Raw data.
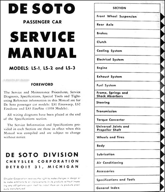 - the 462 page 1958 "De Soto Service Manual Firesweep LS1 Firedome LS2 Fireflite LS3",
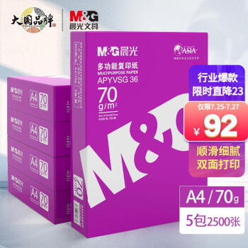 晨光(M&G)紫晨光 A4 70g 多功能雙面打印紙 熱銷款復(fù)印紙 500張/包 5包/箱(整箱2500張)APYVSG36
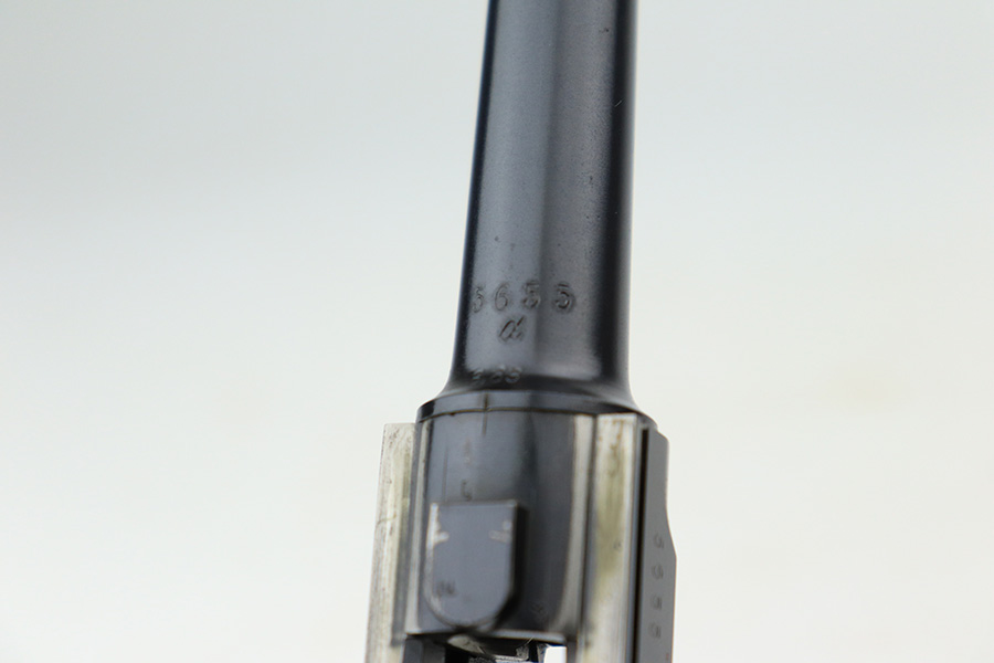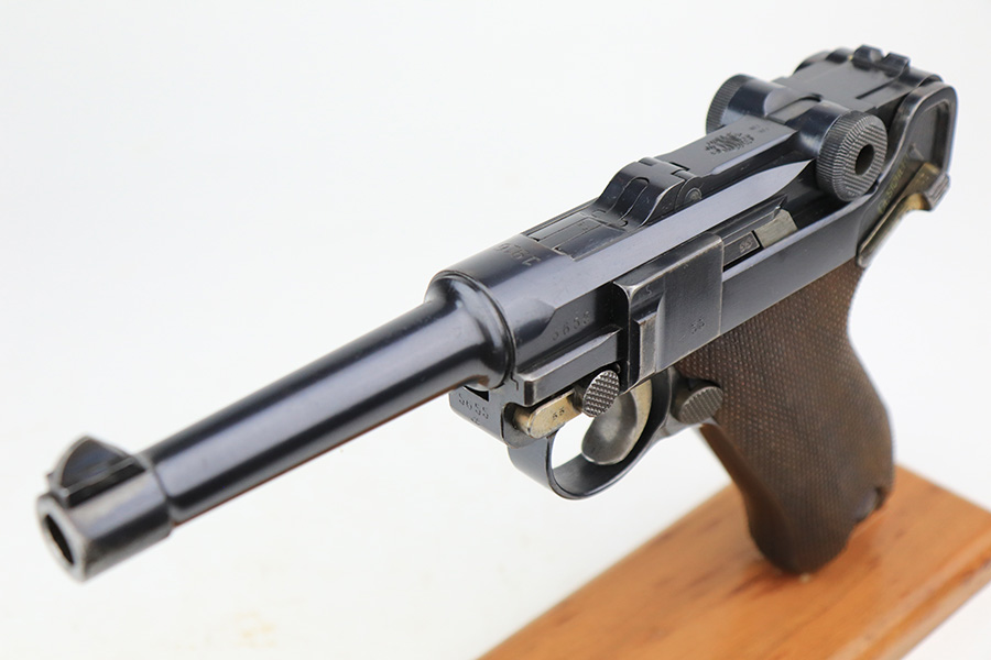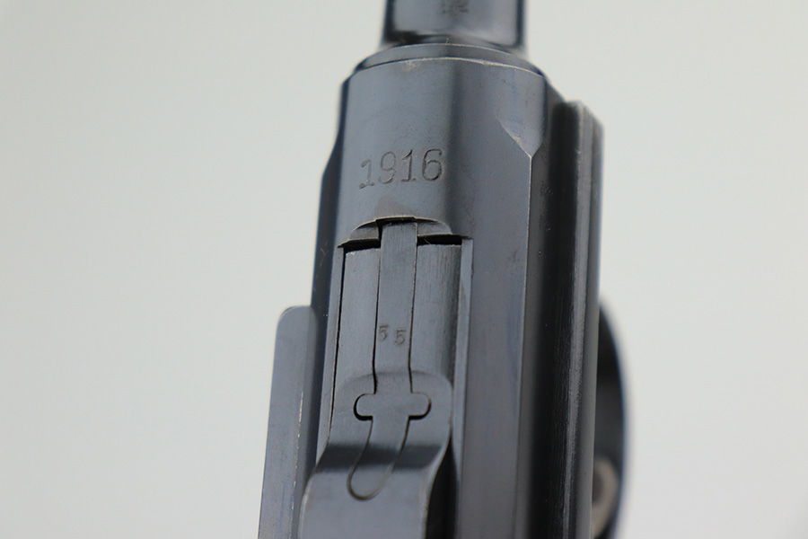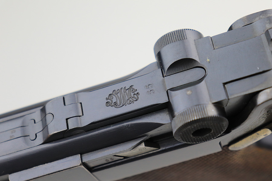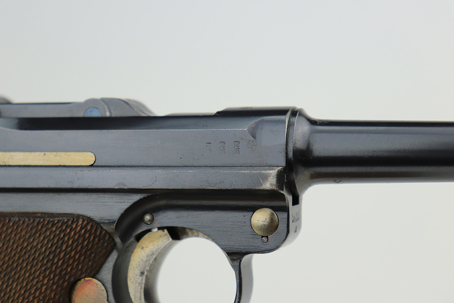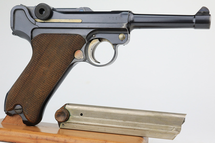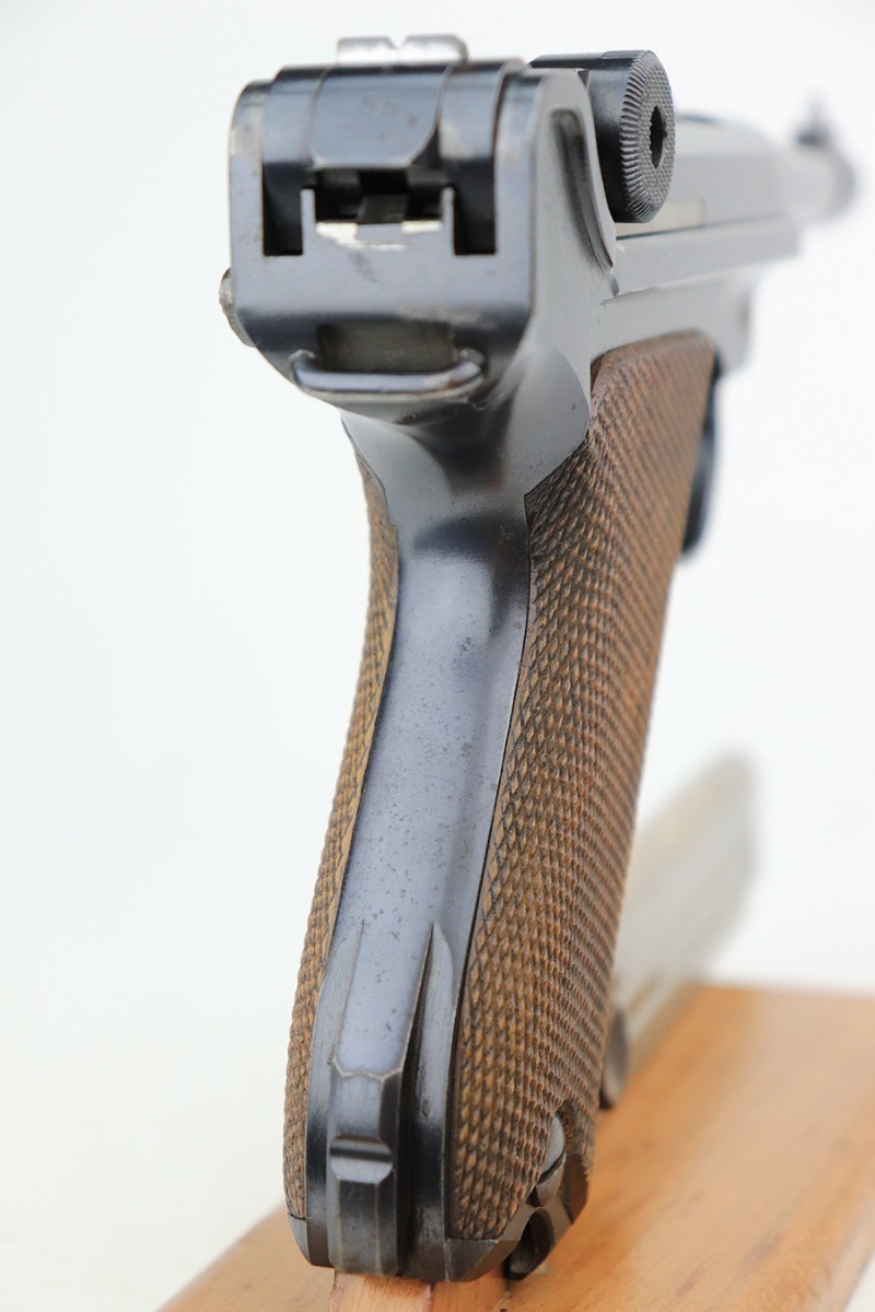9/27/23 – This is a beautiful example of a matching and original DWM Luger from 1916 that was sent to the German Army. All numbered parts of the pistol match, including the grips. The magazine is a period mismatch. Strong, shiny bore. The blue rates at about 96-97% with minor high edge wear in all the common areas and excellent straw on the small grips. No cracks or chips in the grips or mag.

Work to complete. Restate the material above word for word, so that nothing changes except that the pictures are gone.

Output of the exercise.
 - the 462 page 1958 "De Soto Service Manual Firesweep LS1 Firedome LS2 Fireflite LS3",
 晨光(M&G)紫晨光 A4 70g 多功能雙面打印紙 熱銷款復(fù)印紙 500張/包 5包/箱(整箱2500張)APYVSG36
9/27/23 – This is a beautiful example of a matching and original DWM Luger from 1916 that was sent to the German Army. All numbered parts of the pistol match, including the grips. The magazine is a period mismatch. Strong, shiny bore. The blue rates at about 96-97% with minor high edge wear in all the common areas and excellent straw on the small grips. No cracks or chips in the grips or mag.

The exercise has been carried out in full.